What is required: Please repeat the data below exactly, with the pictures removed.

Data extract:
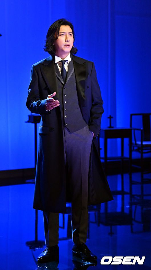 [OSEN=민경훈 기자] 6일 오후 서울 중구 충무아트센터 중극장 블랙에서 뮤지컬 '리진 : 빛의 여인' 프레스콜이 진행됐다. 배우 박건형이 무대 위에서 연기를 하고 있다. 2023.12.06 / rumi@osen.co.kr
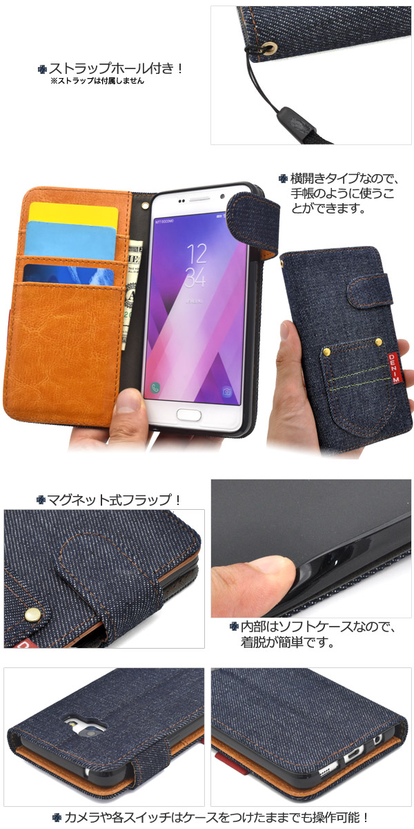 デニムデザインの手帳型ケース。衝撃やキズなどからスマホを守ります。内部ケースはソフトケースなので、着脱が簡単です。男女どちらでもお使いいただける、スタイリッシュなデニムデザイン。内側は落ち着いたレザーデザインです。落下防止に便利なストラップホール付きです。また、内側に3つのカードポケットとサイドポケット付きです。※スマートフォンは付属しません。※ライセンス商品ではありません。 ※ケースをつけたまま撮影できますが、フラッシュ撮影時にケースの色が移り込むことがあります。
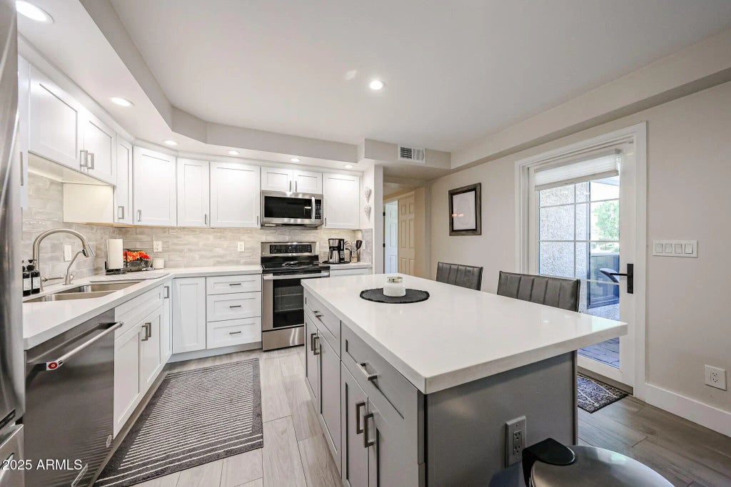 Beautifully upgraded unit in Cabrillo Square with unobstructed views of Camelback Mountain! 3BD/2.5BA, den/office/fourth BD in one of the most desirable communities in Scottsdale! This 2053 sq ft floorplan seldom comes on the market! This truly is one of kind! Totally remodeled in the interior with a contemporary feel. Dual pane windows that slide up and down with a release for easy cleaning. Newer steel, glass and fiberglass doors throughout home. Both A/C units have been replaced 2021, downstairs has a 4 variable speed Trane unit, upstairs, 2 1/2 Trane. Primary bedroom downstairs with a fourth BD, den/office, guest BD's upstairs for privacy. Kitchen is light and bright, quartz counters, SS appliances. Kitchen has access to front patio. Back patio is oversized with beautiful views of Camelback Mountain with gorgeous sunsets! Home has a water filtration system, rain gutters, two windows in the back of home have electrified sun screens. So many upgrades to mention, please see document tab with the upgrade list. This is a must show! Your clients will love this one!! Shows beautifully!!
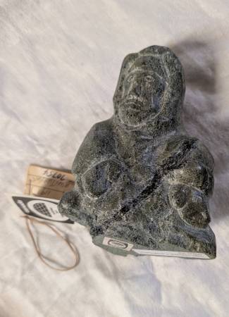 Soapstone Carving Inuit T. Usuituayuk Coral Harbour Inul 1980's $55 4.5" x 3.5" x 3"

Output below:
 [OSEN=민경훈 기자] 6일 오후 서울 중구 충무아트센터 중극장 블랙에서 뮤지컬 '리진 : 빛의 여인' 프레스콜이 진행됐다. 배우 박건형이 무대 위에서 연기를 하고 있다. 2023.12.06 / rumi@osen.co.kr
 デニムデザインの手帳型ケース。衝撃やキズなどからスマホを守ります。内部ケースはソフトケースなので、着脱が簡単です。男女どちらでもお使いいただける、スタイリッシュなデニムデザイン。内側は落ち着いたレザーデザインです。落下防止に便利なストラップホール付きです。また、内側に3つのカードポケットとサイドポケット付きです。※スマートフォンは付属しません。※ライセンス商品ではありません。 ※ケースをつけたまま撮影できますが、フラッシュ撮影時にケースの色が移り込むことがあります。
 Beautifully upgraded unit in Cabrillo Square with unobstructed views of Camelback Mountain! 3BD/2.5BA, den/office/fourth BD in one of the most desirable communities in Scottsdale! This 2053 sq ft floorplan seldom comes on the market! This truly is one of kind! Totally remodeled in the interior with a contemporary feel. Dual pane windows that slide up and down with a release for easy cleaning. Newer steel, glass and fiberglass doors throughout home. Both A/C units have been replaced 2021, downstairs has a 4 variable speed Trane unit, upstairs, 2 1/2 Trane. Primary bedroom downstairs with a fourth BD, den/office, guest BD's upstairs for privacy. Kitchen is light and bright, quartz counters, SS appliances. Kitchen has access to front patio. Back patio is oversized with beautiful views of Camelback Mountain with gorgeous sunsets! Home has a water filtration system, rain gutters, two windows in the back of home have electrified sun screens. So many upgrades to mention, please see document tab with the upgrade list. This is a must show! Your clients will love this one!! Shows beautifully!!
 Soapstone Carving Inuit T. Usuituayuk Coral Harbour Inul 1980's $55 4.5" x 3.5" x 3"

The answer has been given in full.